Pseudogenes display a unique stage-wise expression pattern that characterizes stage II (SII) ESCA with a high rate of cellular reprogramming, degree of differentiation and pleiotropy. Gene regulatory network and associated topology indicate high robustness, thus validating high pleiotropy observed for SII. Pseudogene-regulated expression of SOX2, FEV, PRRX1 and TFAP2A in SII may modulate cellular reprogramming and promote oncogenesis. Additionally, patient stratification-based mutational analysis in SII signifies APOBEC3A (A3A) as a potential hallmark of homeostatic mutational events of reprogrammed cells which in addition to de-regulated APOBEC3G leads to distinct events of hypermutations. Further enrichment analysis for both cohorts revealed the critical role of combinatorial expression of pseudogenes in cellular reprogramming. Finally, survival analysis reveals distinct genes that promote poor prognosis in SII ESCA and patient-stratified cohorts, thus providing valuable prognostic bio-markers along with markers of differentiation and oncogenesis for distinct landscapes of pseudogene expression.

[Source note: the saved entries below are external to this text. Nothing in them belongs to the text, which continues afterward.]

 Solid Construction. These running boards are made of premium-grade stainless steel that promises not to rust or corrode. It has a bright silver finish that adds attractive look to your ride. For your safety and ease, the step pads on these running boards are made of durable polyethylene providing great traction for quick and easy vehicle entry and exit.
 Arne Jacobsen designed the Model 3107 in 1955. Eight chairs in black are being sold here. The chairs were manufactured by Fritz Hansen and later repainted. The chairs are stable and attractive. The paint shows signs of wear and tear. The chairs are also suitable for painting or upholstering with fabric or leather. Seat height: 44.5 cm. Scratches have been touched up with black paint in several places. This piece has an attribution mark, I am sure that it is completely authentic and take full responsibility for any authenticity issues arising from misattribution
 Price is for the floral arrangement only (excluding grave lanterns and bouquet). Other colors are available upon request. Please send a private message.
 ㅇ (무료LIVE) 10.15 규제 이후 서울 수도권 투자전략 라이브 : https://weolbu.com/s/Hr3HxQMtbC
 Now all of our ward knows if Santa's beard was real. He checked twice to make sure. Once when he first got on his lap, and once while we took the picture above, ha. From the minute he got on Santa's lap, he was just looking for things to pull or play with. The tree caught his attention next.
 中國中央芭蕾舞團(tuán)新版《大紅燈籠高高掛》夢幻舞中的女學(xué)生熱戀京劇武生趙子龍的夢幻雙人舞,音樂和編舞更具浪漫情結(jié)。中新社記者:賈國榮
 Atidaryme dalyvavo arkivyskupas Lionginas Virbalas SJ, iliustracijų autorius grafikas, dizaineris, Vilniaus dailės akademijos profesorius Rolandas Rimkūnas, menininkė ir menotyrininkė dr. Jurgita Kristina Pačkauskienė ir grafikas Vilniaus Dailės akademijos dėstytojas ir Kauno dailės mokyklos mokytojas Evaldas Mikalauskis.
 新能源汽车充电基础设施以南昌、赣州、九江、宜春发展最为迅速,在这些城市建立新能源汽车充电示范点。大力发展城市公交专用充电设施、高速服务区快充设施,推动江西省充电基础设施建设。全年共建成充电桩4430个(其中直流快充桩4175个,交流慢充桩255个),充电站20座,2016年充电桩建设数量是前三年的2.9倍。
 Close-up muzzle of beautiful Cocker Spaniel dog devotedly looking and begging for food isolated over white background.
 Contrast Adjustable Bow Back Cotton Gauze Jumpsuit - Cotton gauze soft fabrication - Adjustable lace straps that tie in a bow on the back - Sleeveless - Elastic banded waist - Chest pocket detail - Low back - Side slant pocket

Pseudogenes associated with the events of differentiation potentially aid in the initiation of cellular reprogramming to facilitate oncogenic transformation, especially during SII ESCA. Despite a better overall survival of SII, patient stratification reveals combinatorial de-regulation of pseudogenes as a notable marker for a high degree of cellular differentiation with a unique mutational landscape.
假基因已被证明在调节细胞分化和机体发育中具有重要作用。然而,它们在促进与癌症相关的分化中的作用尚未得到充分研究。本研究旨在探讨食管癌的肿瘤特征,以确定可能调节分化事件以促进致癌转化的假基因。

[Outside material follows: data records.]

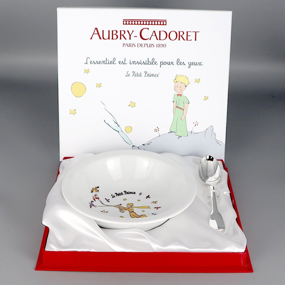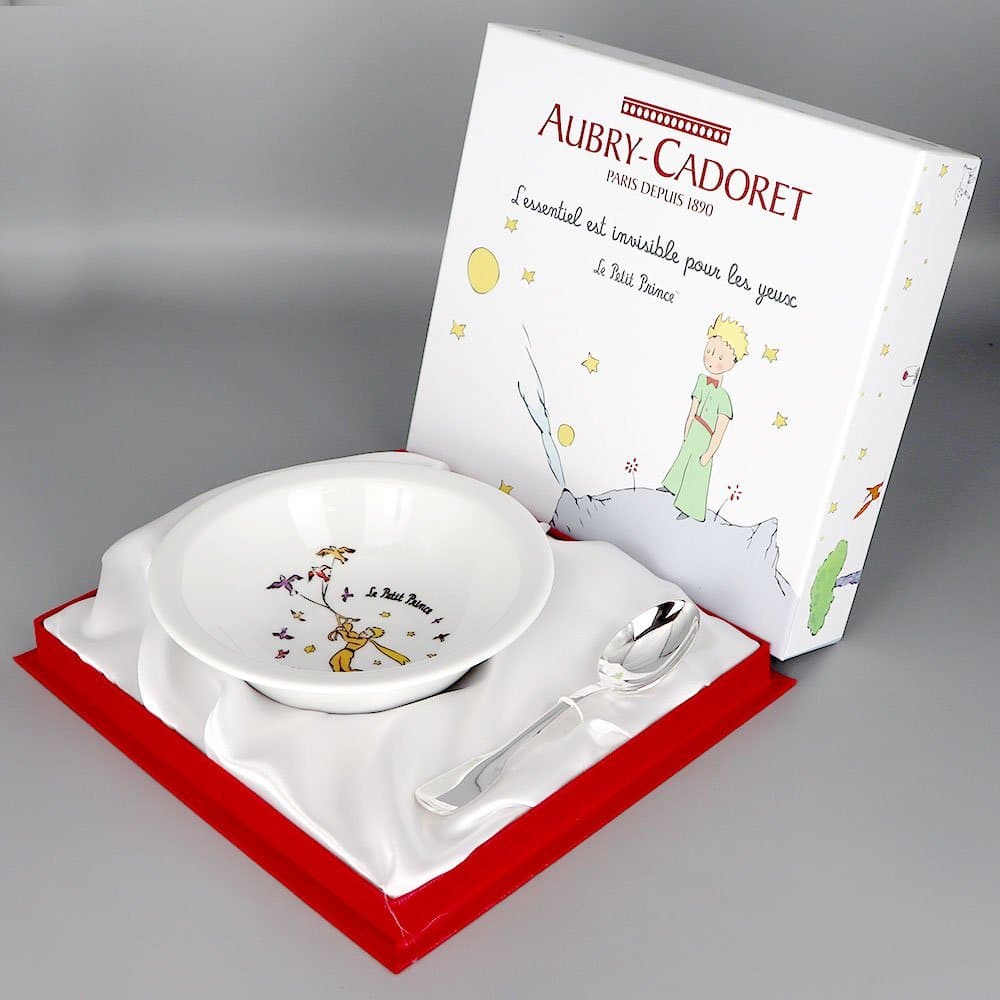 Assiette en porcelaine sous licence officielle Le Petit Prince Ø 160 mm avec cuillère en inox 14 cm.
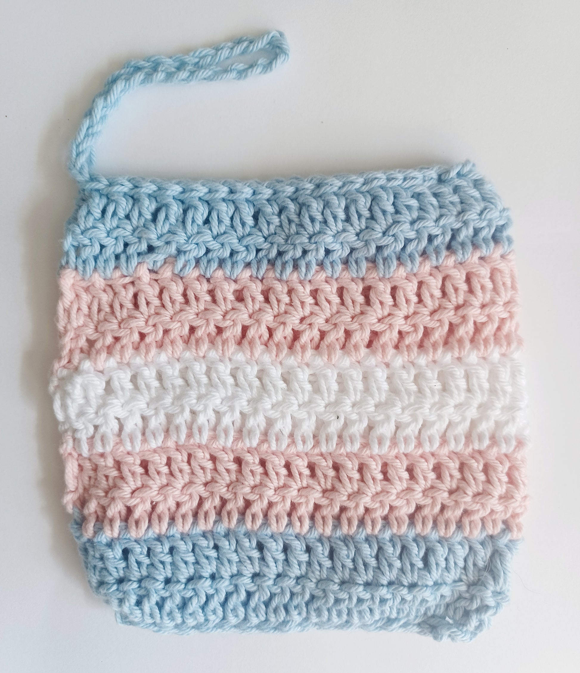 Our handcrafted washcloths are constructed in a mitt style, with a loop for hanging to dry.
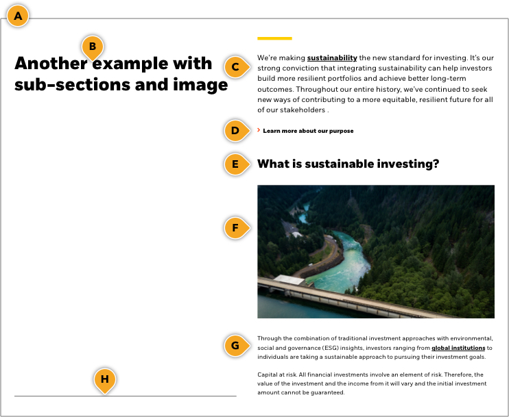 The Content block component was created to offer an alternative 2-column layout option to our standard 1-column paragraph appearances. This allows the headline and introduction to the page content to stand out more, with the content indented down the page.
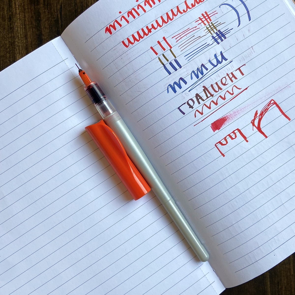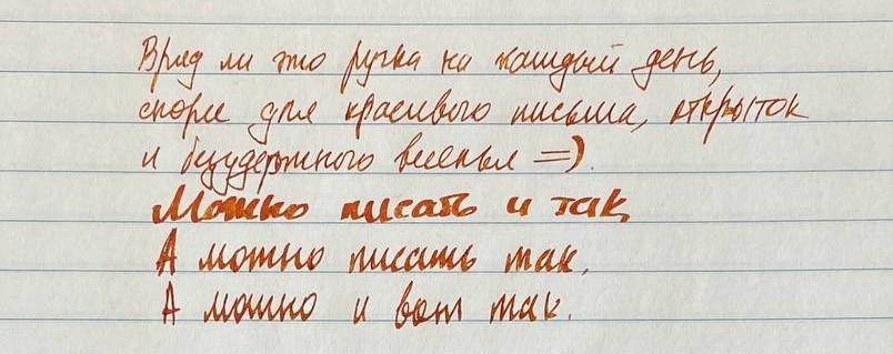 - перо требует хорошего позиционирования на бумаге; писать получается либо всей плоскостью (чтобы края обеих пластинок соприкасались с поверхностью) — и тогда письмо будет гладким, а линия широкой, либо углом — в этом случае перо ощутимо шумит и «фидбэчит», а толщина линии сравнима с F; непривычно, чем-то похожие ощущения возникают при письме стабом (разве что там углом невозможно);
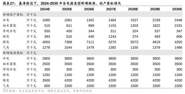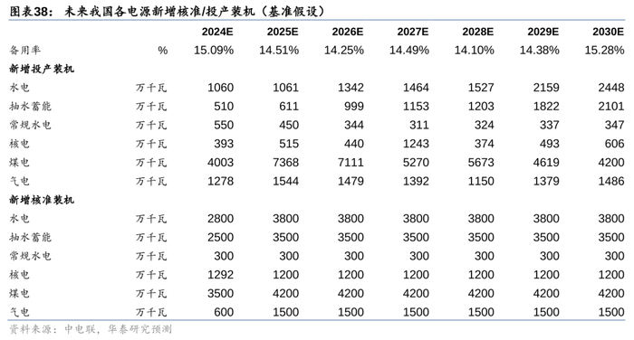 基准假设下:若我国电力系统2027-2030年备用率维持在15%左右,则2024年新增核准水电/核电/煤电/气电分别2800/1292/3500/600万千瓦;2025年及之后每年新增核准水电/核电/煤电/气电分别3800/1200/4200/1500万千瓦。
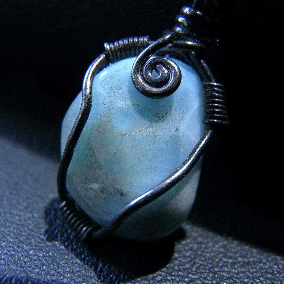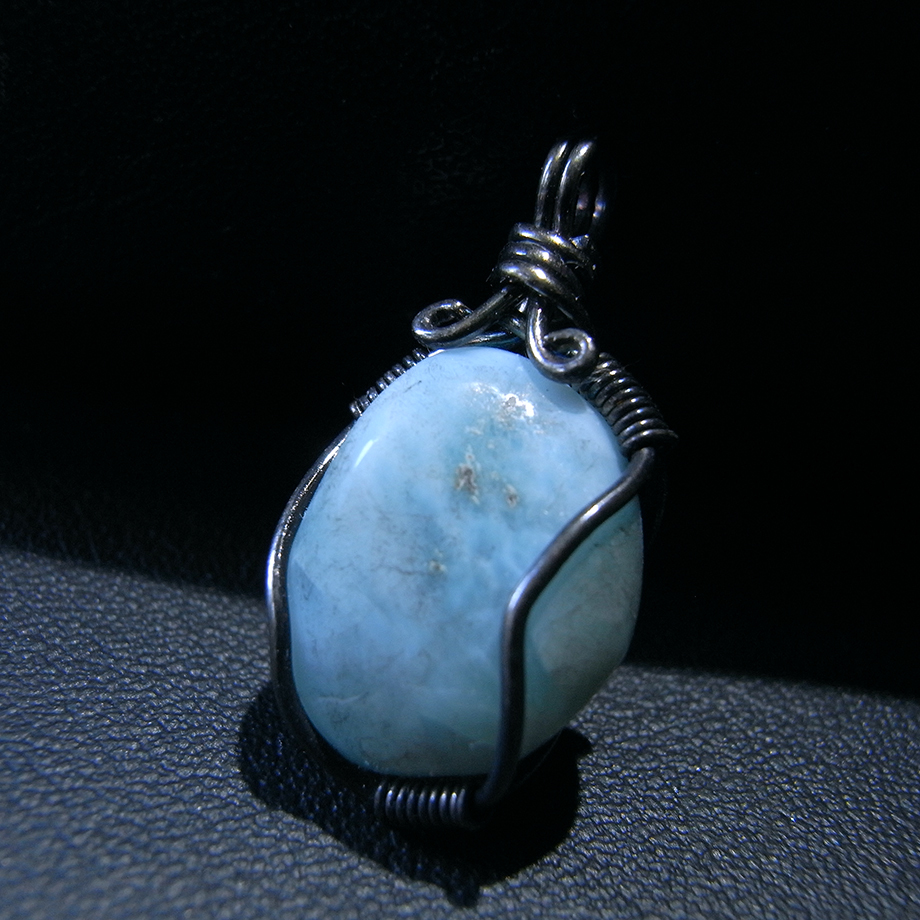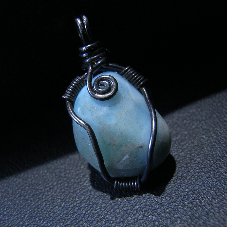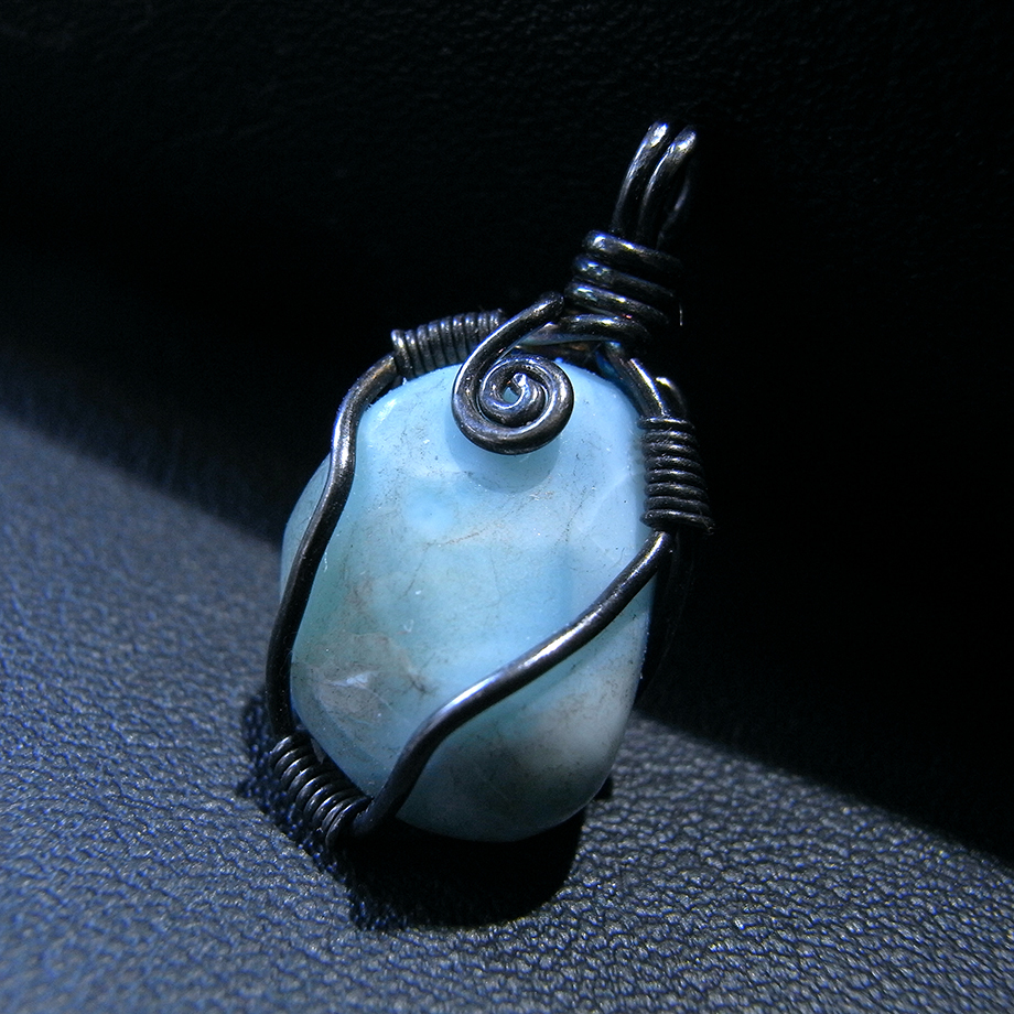 ラリマーに、ワイヤーアートを施したペンダントトップです。

使用 DeSeq2 鉴定失调的分化相关假基因,然后使用“InteractiVenn”分析鉴定其表达模式。使用 GSEA 和 ShinyGO 分别进行基因表达依赖性和独立性富集分析,然后使用三个独特的指标定量细胞重编程、分化程度和多效性。使用贝叶斯网络分割平均生成阶段特异性基因调控网络,然后进行网络拓扑分析。使用 MEME、STREME 和 Tomtom 鉴定转录因子和 miRNA,它们在假基因下游发挥调节作用,启动细胞重编程并进一步促进致癌转化。根据假基因的表达模式对患者样本进行分层,然后分别使用 GSEA、MAF 和“survminer”进行 GSEA、突变分析和生存分析。

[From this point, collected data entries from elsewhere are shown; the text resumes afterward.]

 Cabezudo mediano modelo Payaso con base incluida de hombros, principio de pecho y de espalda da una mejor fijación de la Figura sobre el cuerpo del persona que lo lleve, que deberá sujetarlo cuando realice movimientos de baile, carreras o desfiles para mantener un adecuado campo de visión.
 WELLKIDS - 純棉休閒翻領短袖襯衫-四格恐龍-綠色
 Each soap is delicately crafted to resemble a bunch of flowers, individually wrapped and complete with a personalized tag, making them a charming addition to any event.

假基因显示出独特的阶段表达模式,特征在于 II 期(SII)ESCA 具有高细胞重编程率、分化程度和多效性。基因调控网络及其相关拓扑结构表明其具有高稳健性,从而验证了 SII 观察到的高多效性。SII 中 SOX2、FEV、PRRX1 和 TFAP2A 的假基因调控表达可能调节细胞重编程并促进致癌作用。此外,SII 中基于患者分层的突变分析表明 APOBEC3A(A3A)是重编程细胞的稳态突变事件的潜在标志,除了失调的 APOBEC3G 导致明显的超突变事件外,还导致了独特的事件。两个队列的进一步富集分析表明,假基因的组合表达在细胞重编程中起着关键作用。最后,生存分析揭示了在 SII ESCA 和患者分层队列中促进不良预后的独特基因,从而为不同的假基因表达景观提供了有价值的预后生物标志物以及分化和致癌标志物。
与分化事件相关的假基因可能有助于启动细胞重编程,从而促进致癌转化,特别是在 SII ESCA 中。尽管 SII 的整体生存率较好,但患者分层显示假基因的组合失调是细胞高度分化的显著标志,具有独特的突变景观。